И он выложил свои буквы, которым суждено повести меня дальше по жизненному пути, – эти семь букв, они словно бы много лет меня поджидали. Мне было двадцать два года, я учился в университете, но так и не забыл, что однажды июльским вечером с необычайно мягким ветерком некто подрезал крылья моим мечтам о грядущем.
В общей сложности букв было девять: М, О, Р, О, 3, а также И, Л, К и на выдохе заключительное А. МОРОЗИЛКА.
Министр финансов получил двадцать восемь буквенных очков плюс 28х3=84, что в сумме дало сто двенадцать, да еще пятьдесят очков за все буквы, то есть в совокупности сто шестьдесят два очка, а передо мною от этого вскоре откроется жизненная стезя, профессия.

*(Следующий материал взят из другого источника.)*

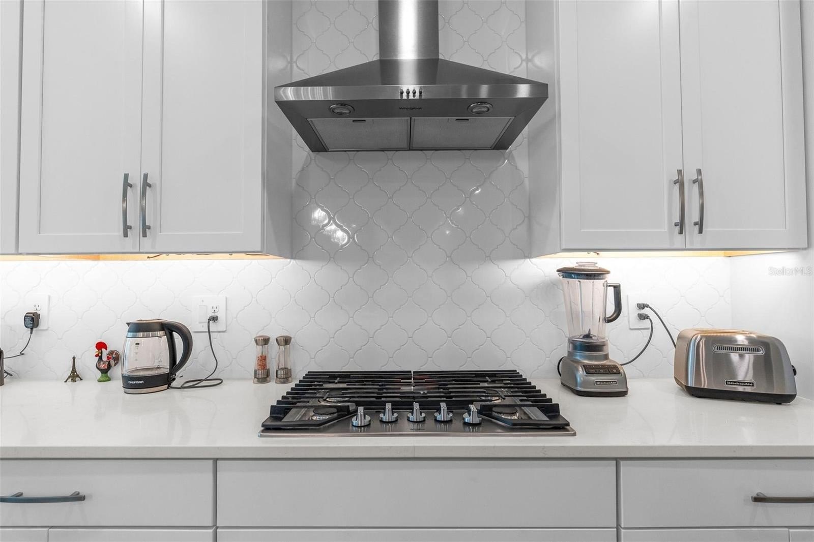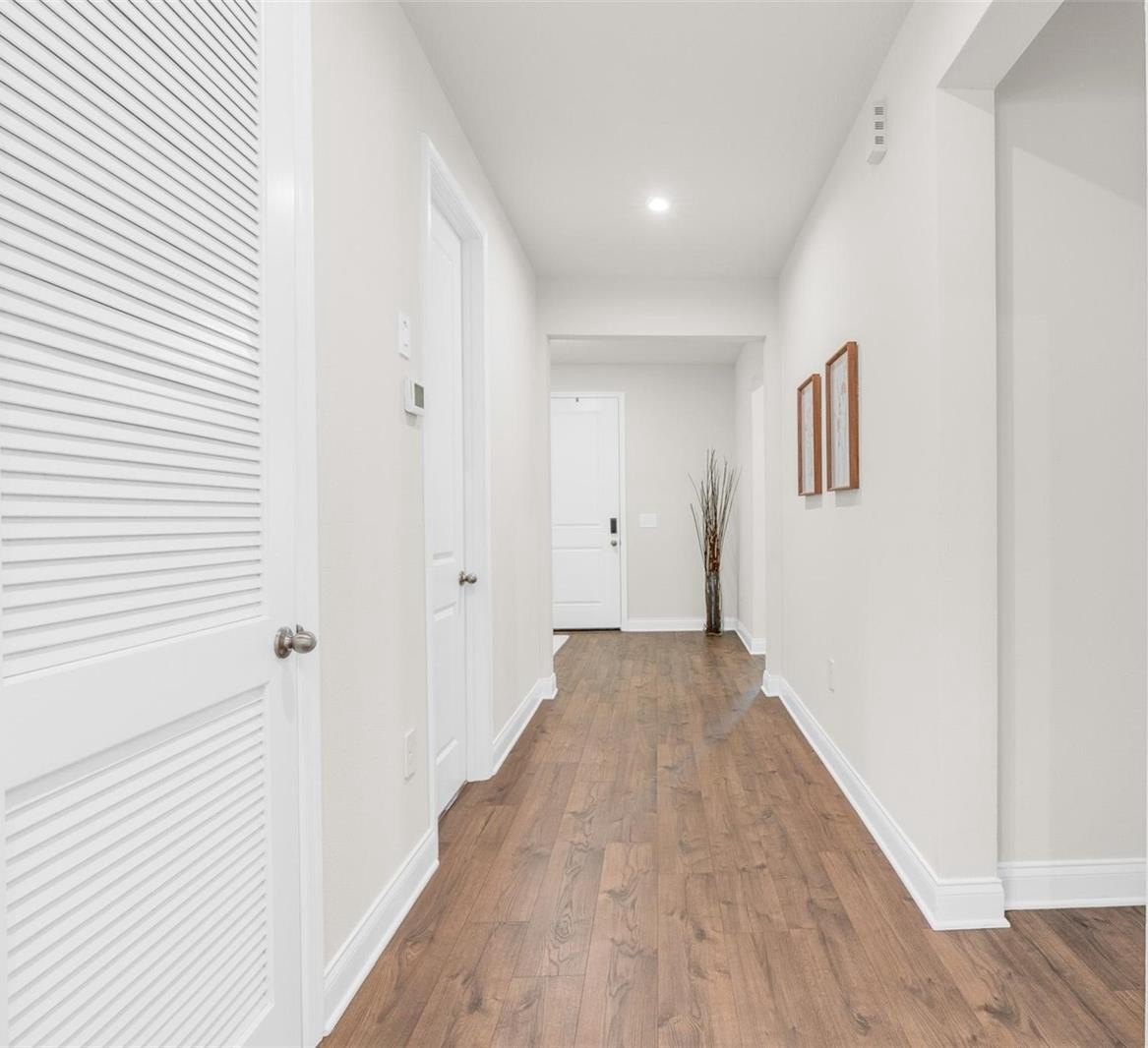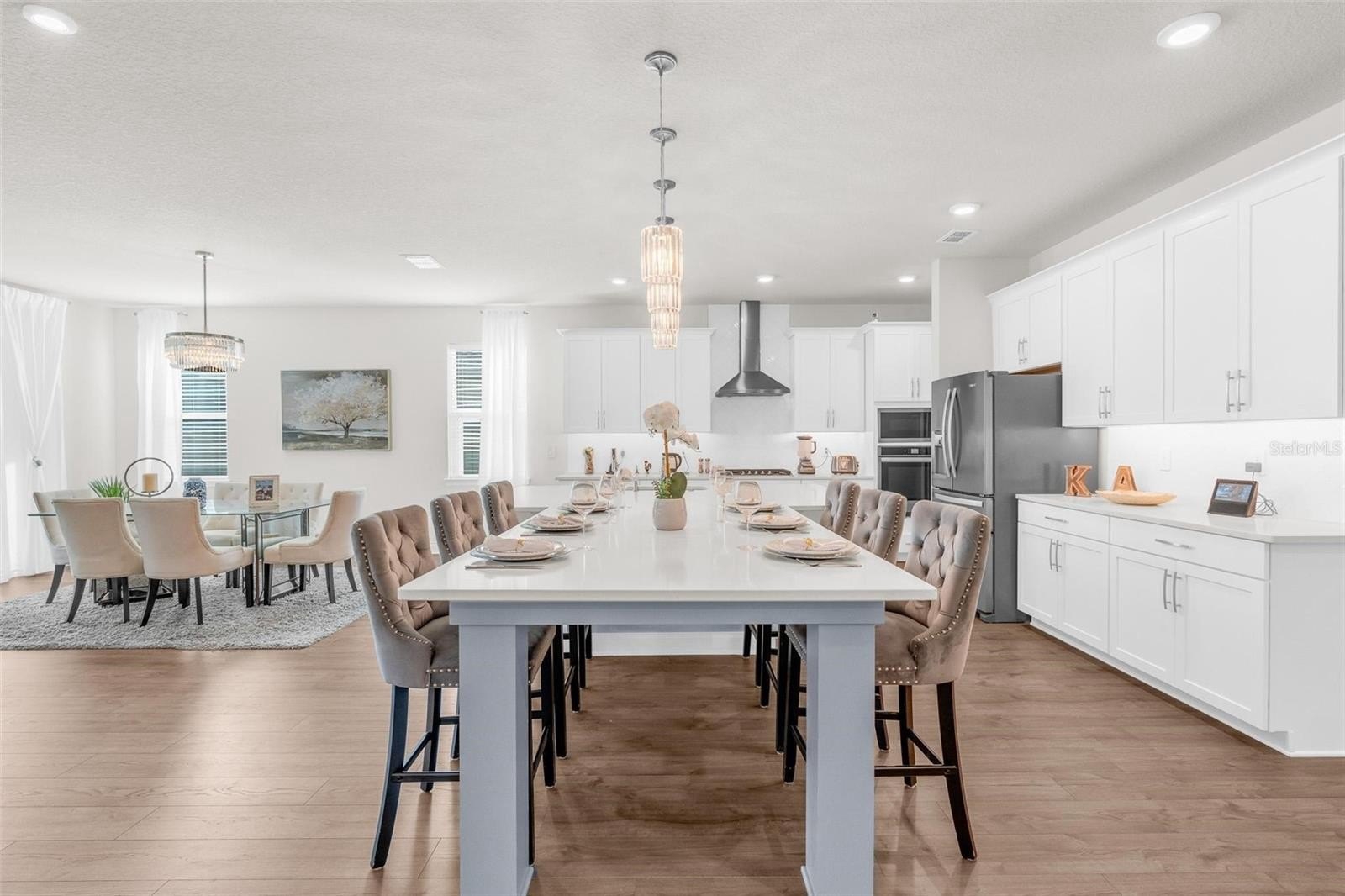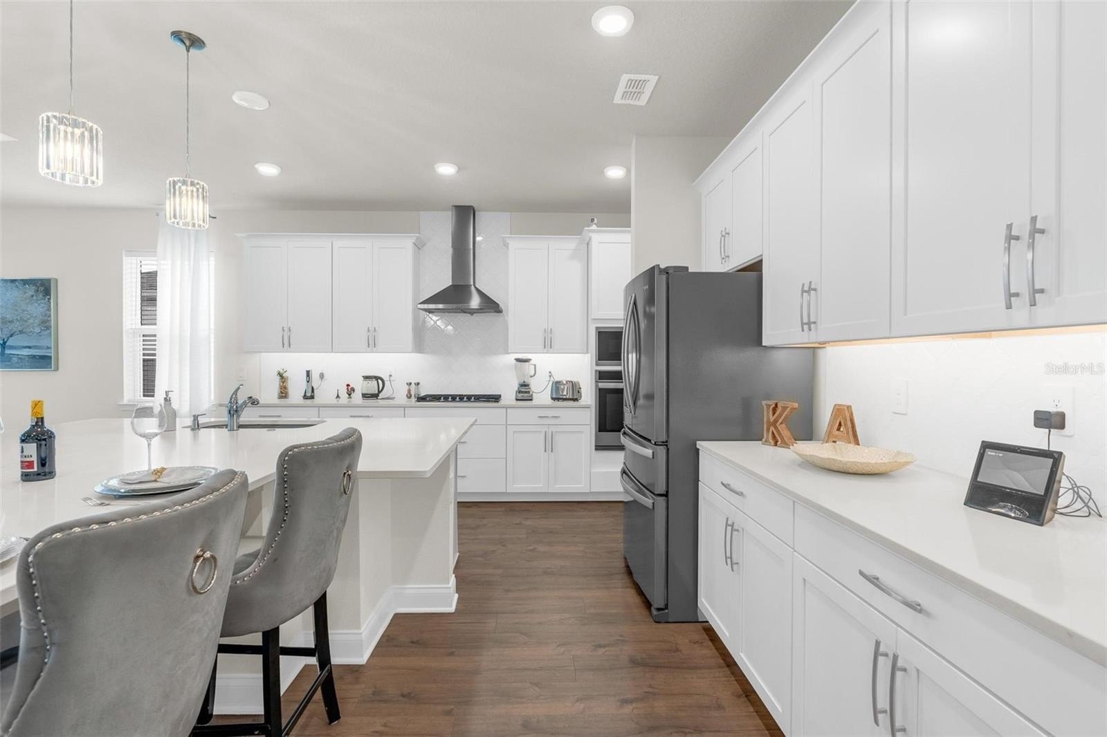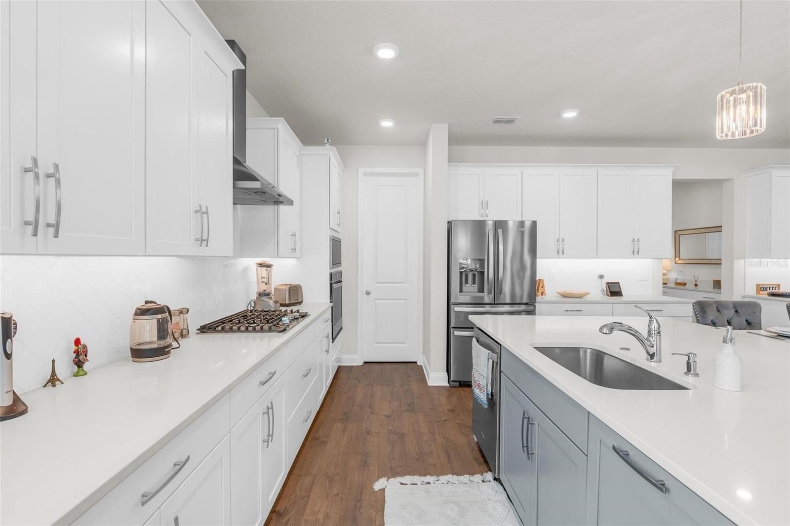 From the moment you walk in, the difference is clear. 8-foot interior doors, luxury laminate plank flooring throughout the main living areas and bedrooms (no carpet!), and an open-concept layout designed for real family life. The gourmet culinary kitchen is the heart of the home. Featuring 42" stacked upper cabinets with premium Sonoma finish, Carrara Oro quartz countertops, a full designer arabesque backsplash carried all the way up the hood wall, under-cabinet lighting, cooktop with wall oven and microwave combo, vent hood, and a full upgraded stainless steel appliance package: refrigerator, washer, and dryer included.
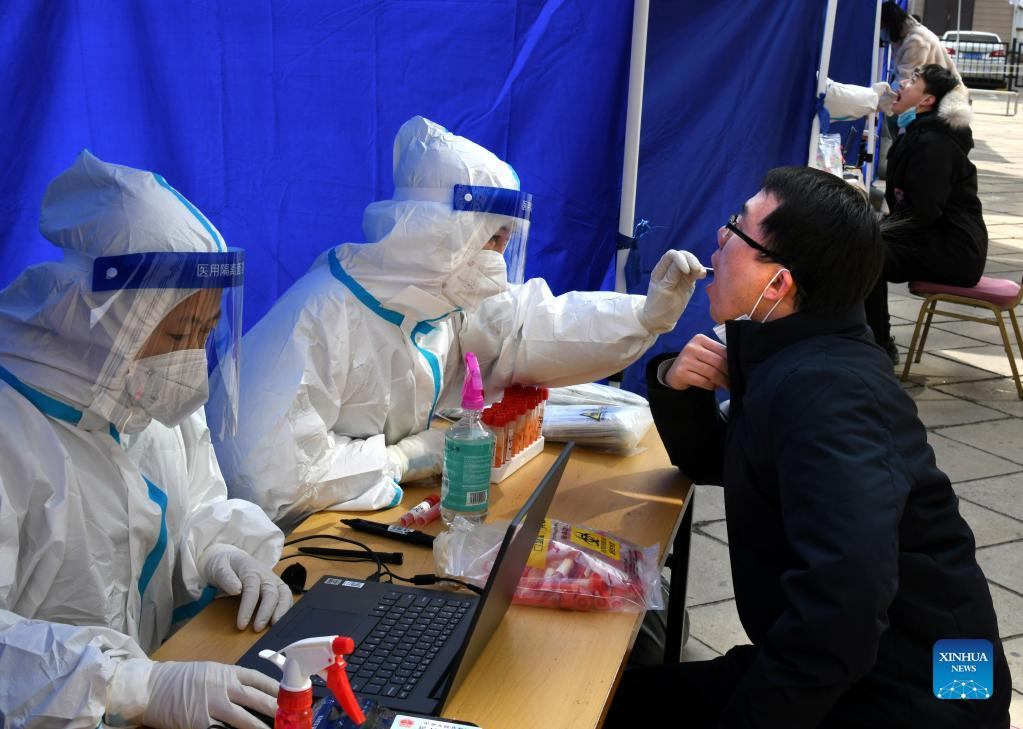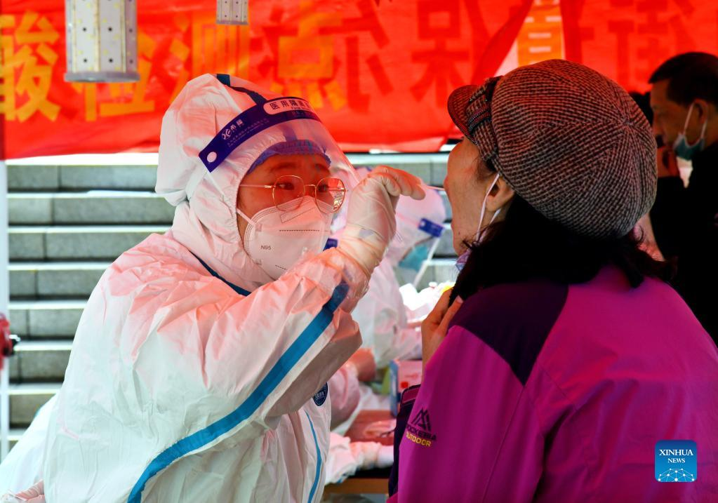 A medical worker takes a swab sample from a resident for COVID-19 nucleic acid testing in Qingdao, east China's Shandong Province, March 22, 2022. (Xinhua/Li Ziheng)
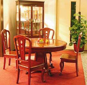 在餐厅之中,最重要的家具当然首推餐桌,而现代的餐桌与古代相比,有了实质性的变化,在古代,大多实行分桌而食,餐桌亦称为食案,就餐者人各一案,食案大都小巧轻便,所以才会出现汉代梁鸿之妻孟光与其相敬如宾,日日为他“举案齐眉”奉食的佳话,而在现代,“举案齐眉”几乎是不可能的,因为现代的餐桌普遍体量较大而且沉重,将就餐者聚集在一起,作共同进餐之用,因此餐桌的风水对家庭团圆、夫妻和睦的影响很大,特总结以下十大注意事项:1、餐桌宜选圆形或方形:中国的传统宇宙观是“天圆地方”,因此日常用具大多以圆形及方形为主,传统的餐桌便是典型的例子。传统的餐桌形如满月,象征一家老少团圆,亲密无间,而且聚扰人气,能够很好地烘托进食的气氛,早已深入人心。至于方形的餐桌,小的仅可坐四人,称为四仙桌;大的可坐八人,又称八仙桌,因它象征八仙聚会,也很吉利,方正平稳,象征公平与稳重,虽然四边有角,但因不是尖角而无杀伤力,因此被人乐于采用。由于餐桌的形状会影响进膳的气氛,所以木制的圆桌或正方桌在家庭人口较少时适宜,而椭圆或长方桌在人口较多时适用。
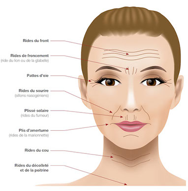 La contraction des muscles laisse des rides et des sillons sur le visage. Avec le temps et la répétition, ces empreintes deviennent permanentes. On les appelle alors rides d’expression. L’illustration suivante en présente la liste.
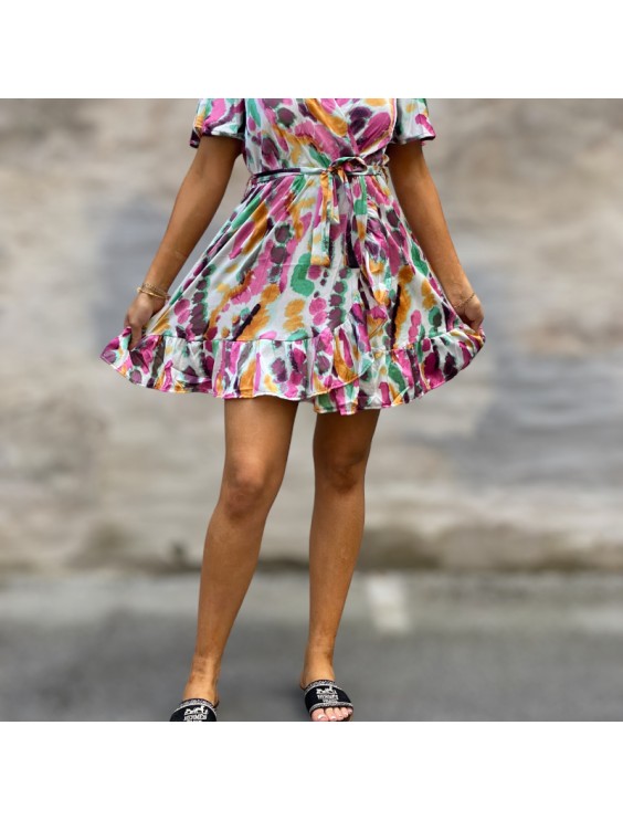 Den här klänningen har en livfull och lekfull design med ett färgstarkt mönster i rosa, grönt, gult och vitt. Den kortärmade modellen och V-ringningen skapar en feminin och luftig känsla, medan det knytbara midjebandet framhäver figuren på ett smickrande sätt. Volangdetaljerna längs nederkanten ger extra rörelse och elegans, vilket gör klänningen perfekt för soliga dagar och festliga tillfällen.
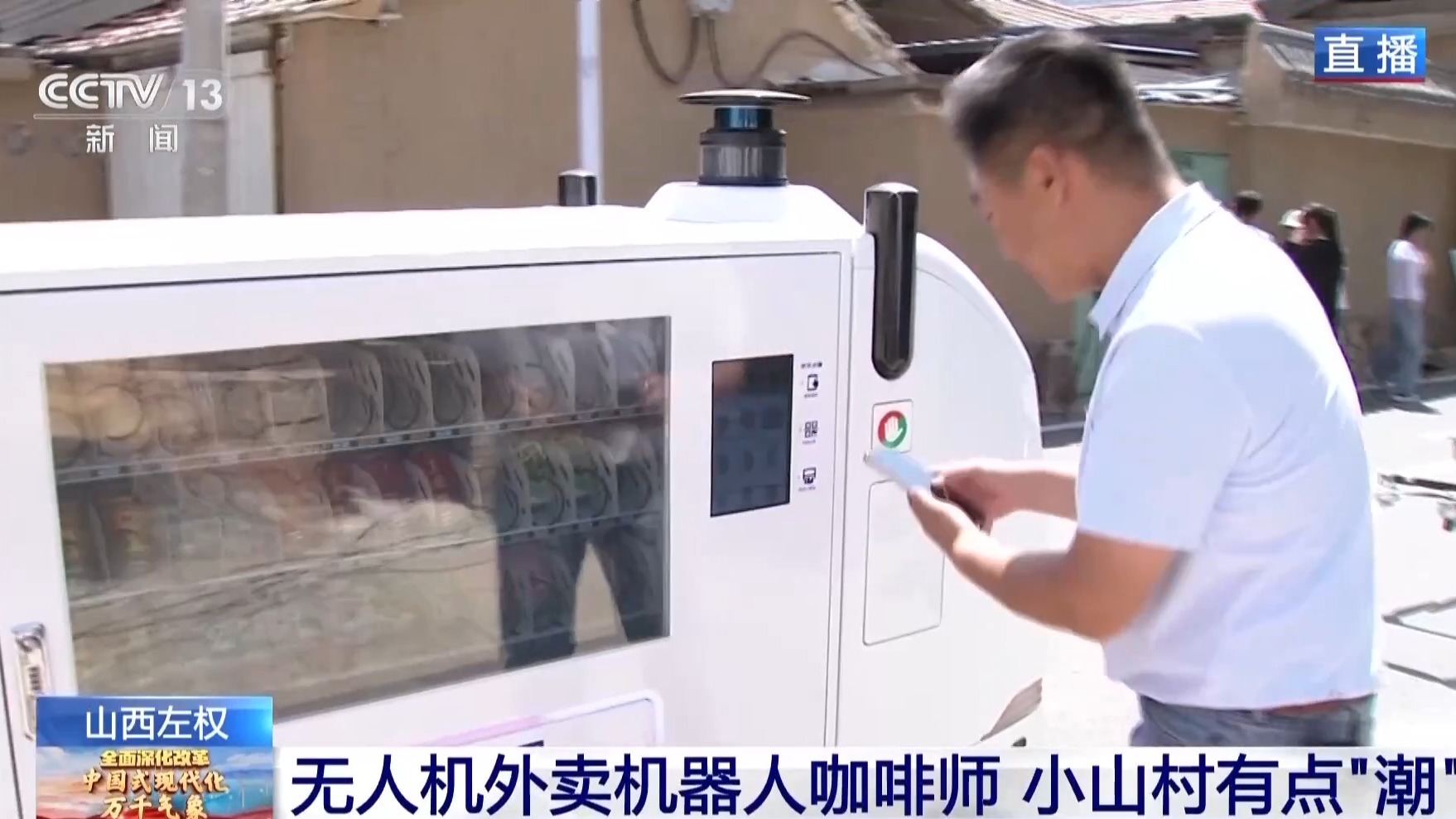這個(gè)小山村里的科技范不止于此,大家通過(guò)鏡頭可以看到,在我身旁往來(lái)不少車輛,它們好像有一些不同,你看這個(gè)在街上到處行進(jìn)的無(wú)人售貨車,我們走到它旁邊就會(huì)停止,然后手機(jī)掃描二維碼可以購(gòu)買到飲料、零食等商品了。

Итак, мы – сами о том не подозревая – пережили историческую минуту: министр финансов поднялся из-за «Эрудита» и еще раз воскликнул: «Кажется, у меня кое-что есть!»
Он долго стоял к нам спиной, что само по себе никакого удивления не вызывало, и глядел в соседский сад, где малыш Имир катался на трехколесном велосипеде. Наконец он обернулся и обвел всех нас ледяным взглядом.
– Мы должны сделать ставку – и крупную! – на МОРОЗИЛКИ, на свежезамороженные продукты.
В результате уже спустя три месяца я находился в фирменном магазине Феликса Потена на парижской улице Бретань – стоял, запустив руку в холодильный прилавок. Этот ноябрьский день выдался по-особенному холодным, а я был официальным исландским маркетологом-аналитиком (с правом шпионить насчет всего, что касалось свежезамороженных морепродуктов во французской кухне) и владельцем маленькой квартирки на улице Шарло, неподалеку от площади Республики.